Mary Pearce, face of preservation in Franklin, steps back


Mary Pearce, face of preservation in Franklin, steps back

BY A.J. DUGGER III

Friday, April 28, will be Mary Pearce’s last day as the executive director for the Heritage Foundation of Franklin and Williamson County.

With her departure will go her title: Bari Watson Beasley will step into the leadership position with the title CEO.

Pearce has been a big part of preserving the history and historic resources in Williamson County. And although she will not be officially working anymore, she says Franklin can still expect a lot more from her.

“I will continue to refocus my skills and experience to save the places that matter, that tell our stories and build community,” she told The Franklin Home Page. “It’s been a great journey over a long period of time to work with amazing people from the city, the county, citizens to see if we can save the places that matter.”

Pearce was born in Somerset, Ky., not quite 200 miles from Franklin. She has always had an appreciation for historic buildings and properties. In fact, that was one of the reasons why she attended Transylvania University in Lexington, Ky.

“Transylvania was founded in 1780. It was the first university in Kentucky, and it’s among the oldest universities in the United States,” she said.

After college, she moved from Lexington to Charleston, South Carolina. “It was in Charleston that I really got more involved in historic preservation. I lived in an old building downtown.”

After having two children, she moved to Franklin in 1978. She wanted to be closer to where she grew up, but found that Franklin was better than she anticipated.

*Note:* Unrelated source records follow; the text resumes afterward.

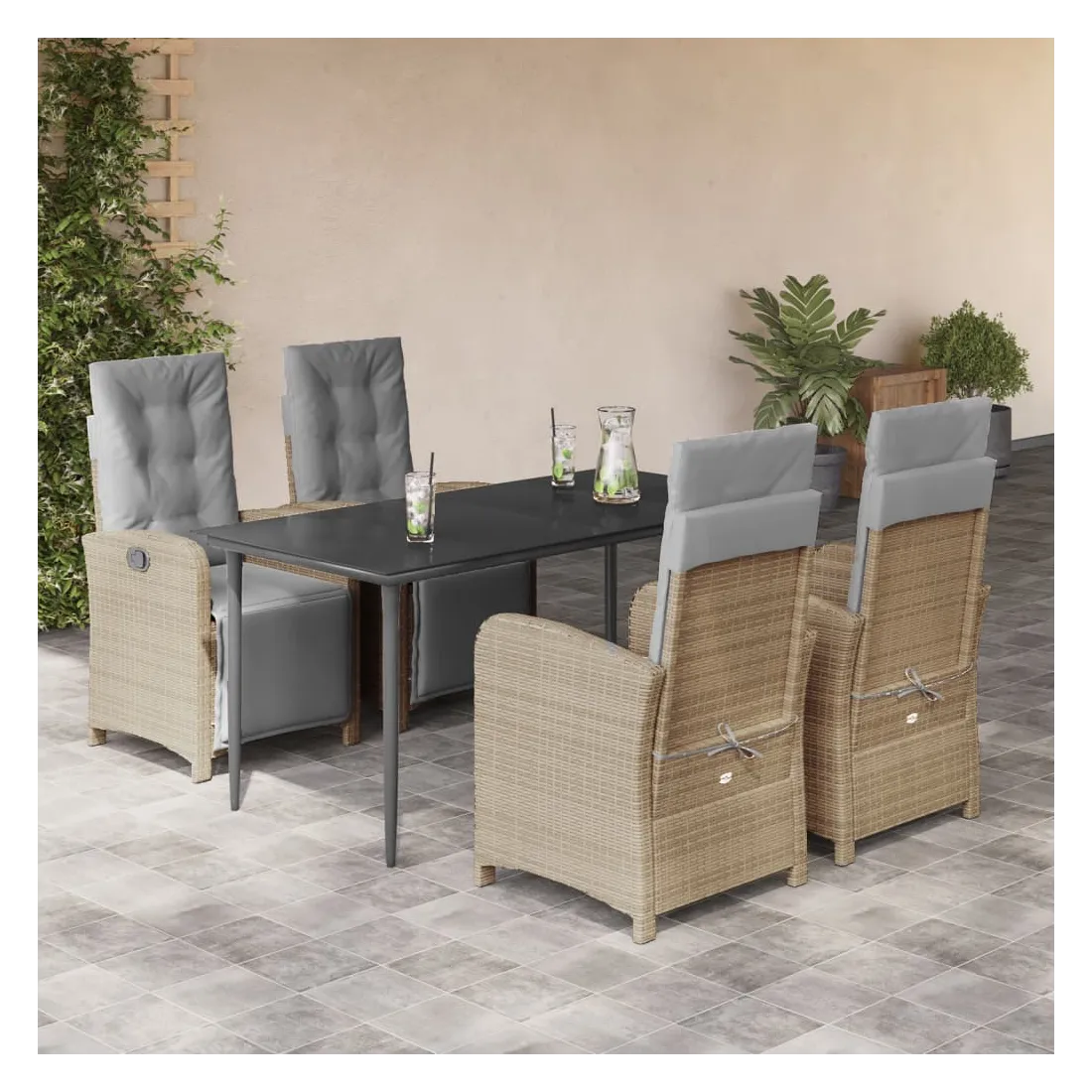 Savourez une tasse de café ou discutez avec votre famille et vos amis dans le jardin, l'arrière-cour ou sur le balcon avec cet ensemble de salle à manger de jardin confortable ! Matériau durable : la résine tressée, également connue sous le nom de poly rotin, est un matériau synthétique solide et nécessitant peu d'entretien qui ressemble au rotin naturel. Il est léger, facile à nettoyer et couramment utilisé pour les meubles d'extérieur en raison de sa durabilité et de ses propriétés de résistance aux intempéries.Dossier et repose-pied réglables : ce siège de jardin est doté d'une poignée. Vous pouvez régler le dossier et le repose-pied dans n'importe quelle position en tirant sur la poignée, et les remettre rapidement dans leur position initiale.Expérience d'assise confortable : ce mobilier d'extérieur, doté de coussins épais, offre une expérience d'assise confortable.Housse amovible et lavable : ces coussins de siège sont dotés de housses amovibles pour un lavage et un entretien faciles. Les coussins de dossier ont un rabat à l'arrière pour une fixation facile aux dossiers.Dessus en verre : le dessus de la table d'extérieur est fabriqué en verre trempé solide et durable, ce qui le rend facile à nettoyer avec un chiffon humide et ajoute une touche d'élégance à votre espace extérieur. Bon à savoir :Pour que vos meubles d'extérieur restent beaux, nous vous recommandons de les protéger avec une housse imperméable.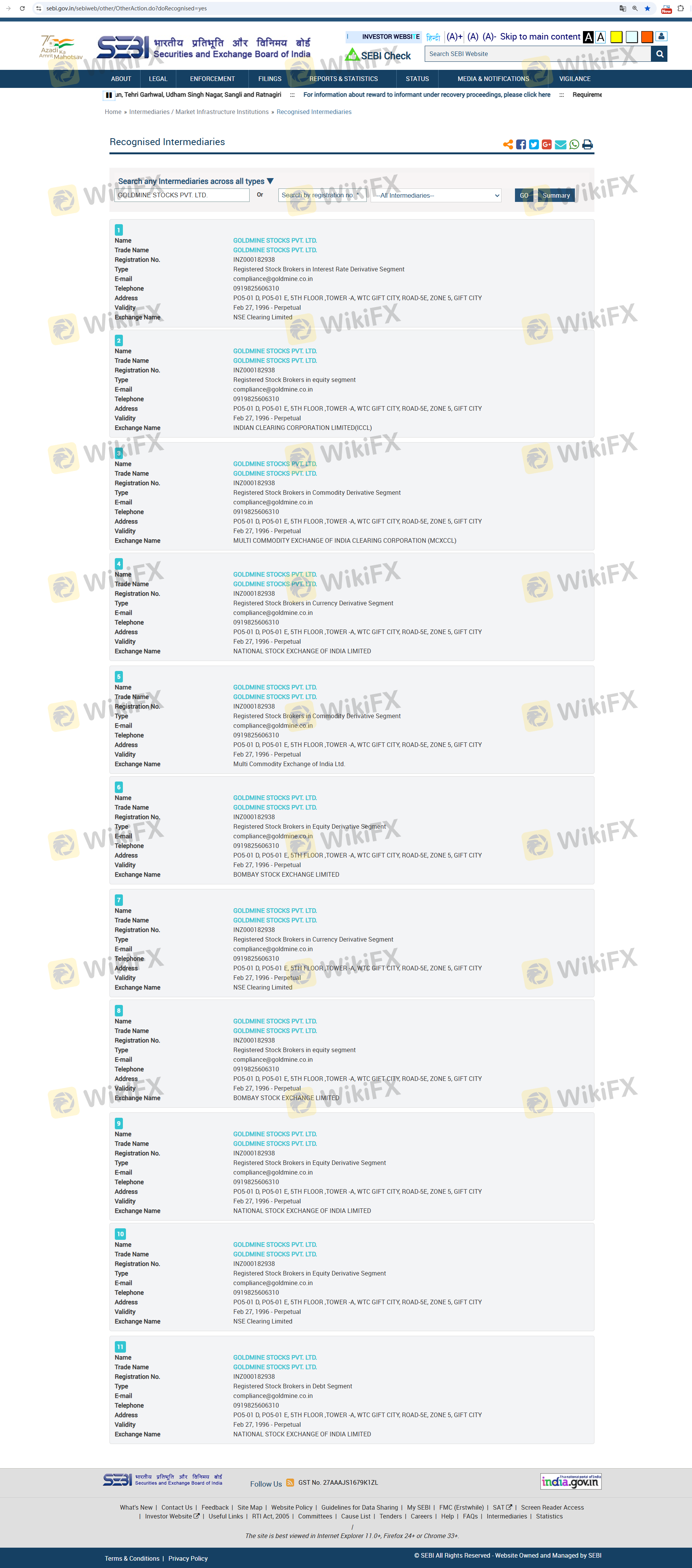 เกี่ยวกับความถูกต้องตามกฎหมายของโบรกเกอร์ฟอเร็กซ์ GOLDMINE ทางบริษัทได้มีการจัดเตรียม อินเดีย SEBI และ
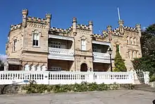 Fernleigh Castle was built in 1892,[9] incorporating part of a sandstone cottage that dated back to 1874. Aptly named, it resembles a castle with its turrets, castellated towers and square Norman tower. Its sandstone structure contains thirty rooms and a number of stained-glass windows. Fernleigh Castle is on the (now defunct) Register of the National Estate.[9][10]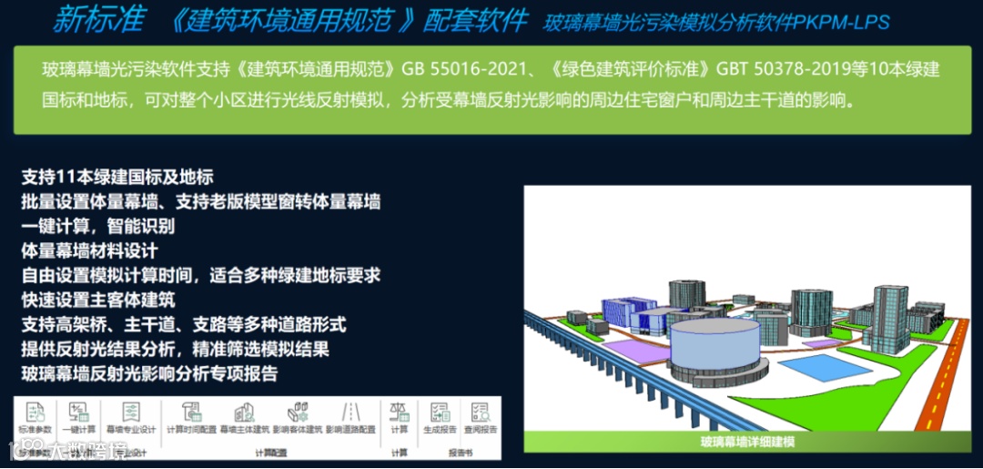玻璃幕墙光污染软件支持《建筑环境通用规范》GB 55016-2021、《绿色建筑评价标准》GBT 50378-2019等10本绿建国标和地标,可对整个小区进行光线反射模拟,分析受幕墙反射光影响的周边住宅窗户和周边主干道的影响。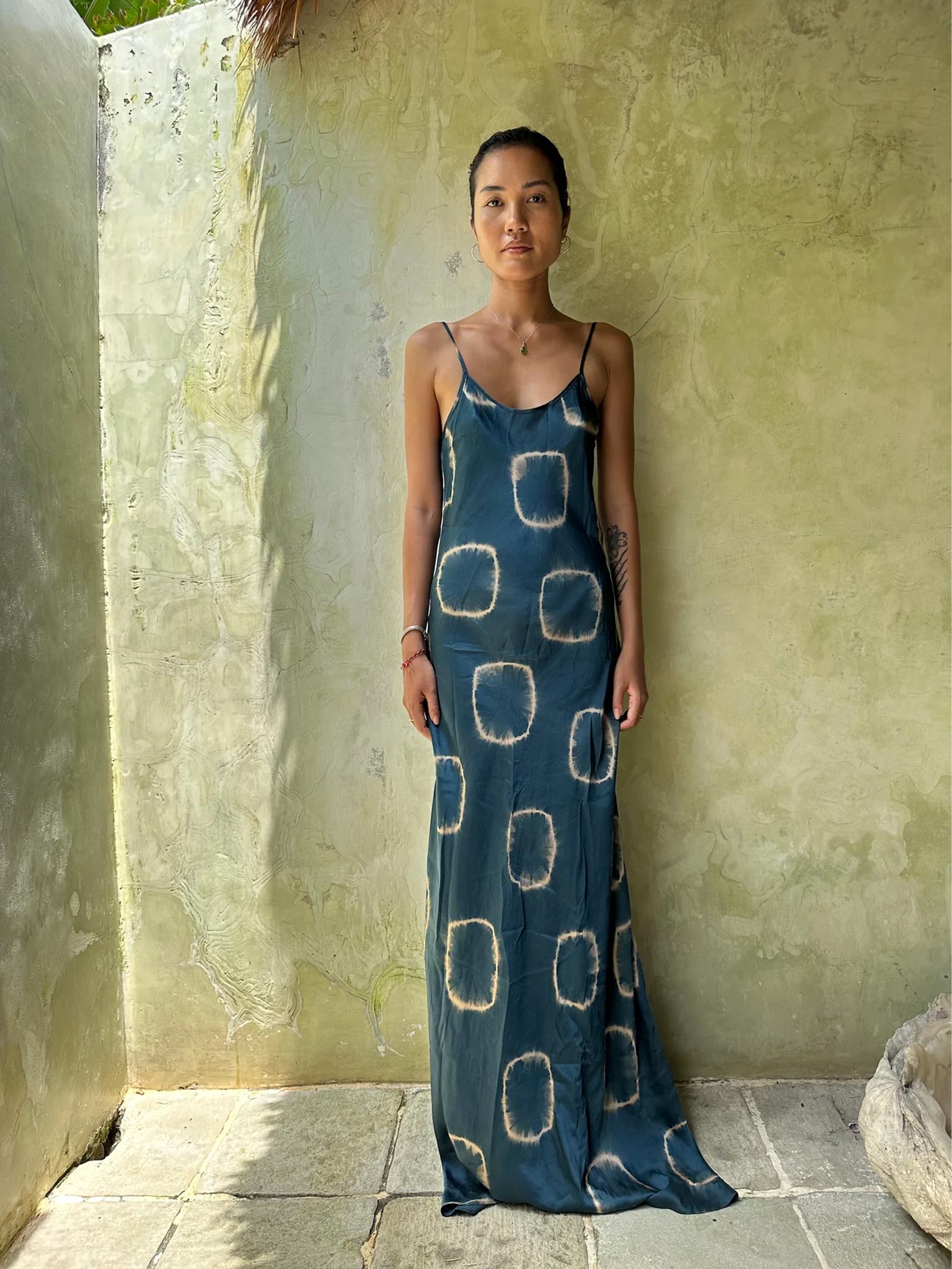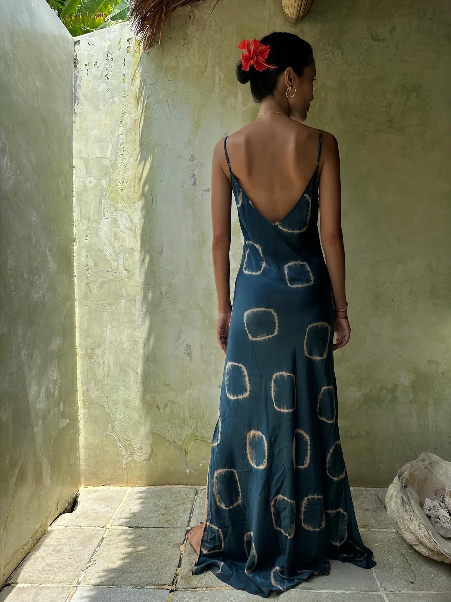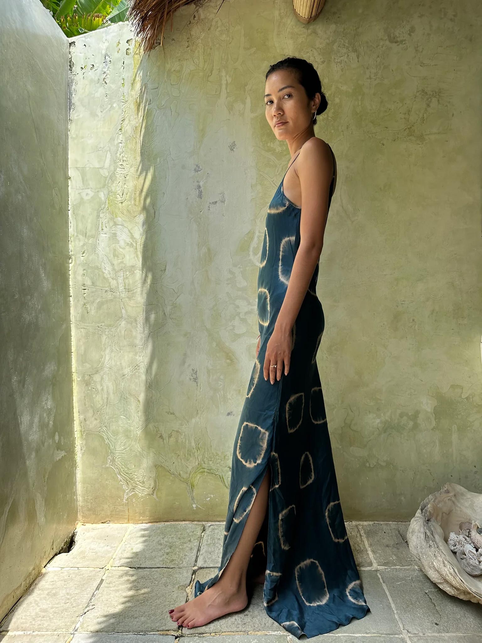 Our shibori Circle motif is made by hand, using rubber-bands and chopsticks. it takes Ibu Kadek and Ibu Ketut, 6 hours to craft our circle print motif, each circle unique and no single circle is the same. Dyed first with coconut husks and then with indigo, this silk dress is 100% plant dye and made with love.

“I came to Franklin thinking it was a small sleepy town. There was so much history and historic structure here, and so much beautiful farm land.”

Pearce has watched the city blossom tremendously over the years.

“What really brought on the most rapid growth was when General Motors announced that they were building a plant in Spring Hill. Everything after that is B.S. (before Saturn). The plant put Franklin on the national radar.”

The history of the town also makes it a historic landmark for many reasons. “I really think the fact that we have preserved historic buildings gets to the heart of what people love about Franklin,” said Pearce. “But Franklin also has an excellent education system, a great location and a natural beauty.”

Pearce became the executive director for the Heritage Foundation in 1986. Around this time, she worked closely with Rudy Jordan to bring business back to Downtown Franklin because a lot of the buildings were empty. It did not take too long for Pearce to help change that through community organizing and interaction with government. Over the years she has been instrumental in securing grant money and donations, fending off development considered inappropriate for the area, and turning even longtime skeptics into supporters as the efforts of the Heritage Foundation paid off.

Although Friday is her last day, Pearce does not use the word “retire.” Instead, she says she is merely “stepping away for a bit.”

She will not stay at home each day and watch life pass her by. In fact, she will be honored with the Distinguished Achievement Award from Transylvania University on Saturday morning, and is scheduled to receive the Woman Of The Year Award from The Brentwood Woman’s Club later this year.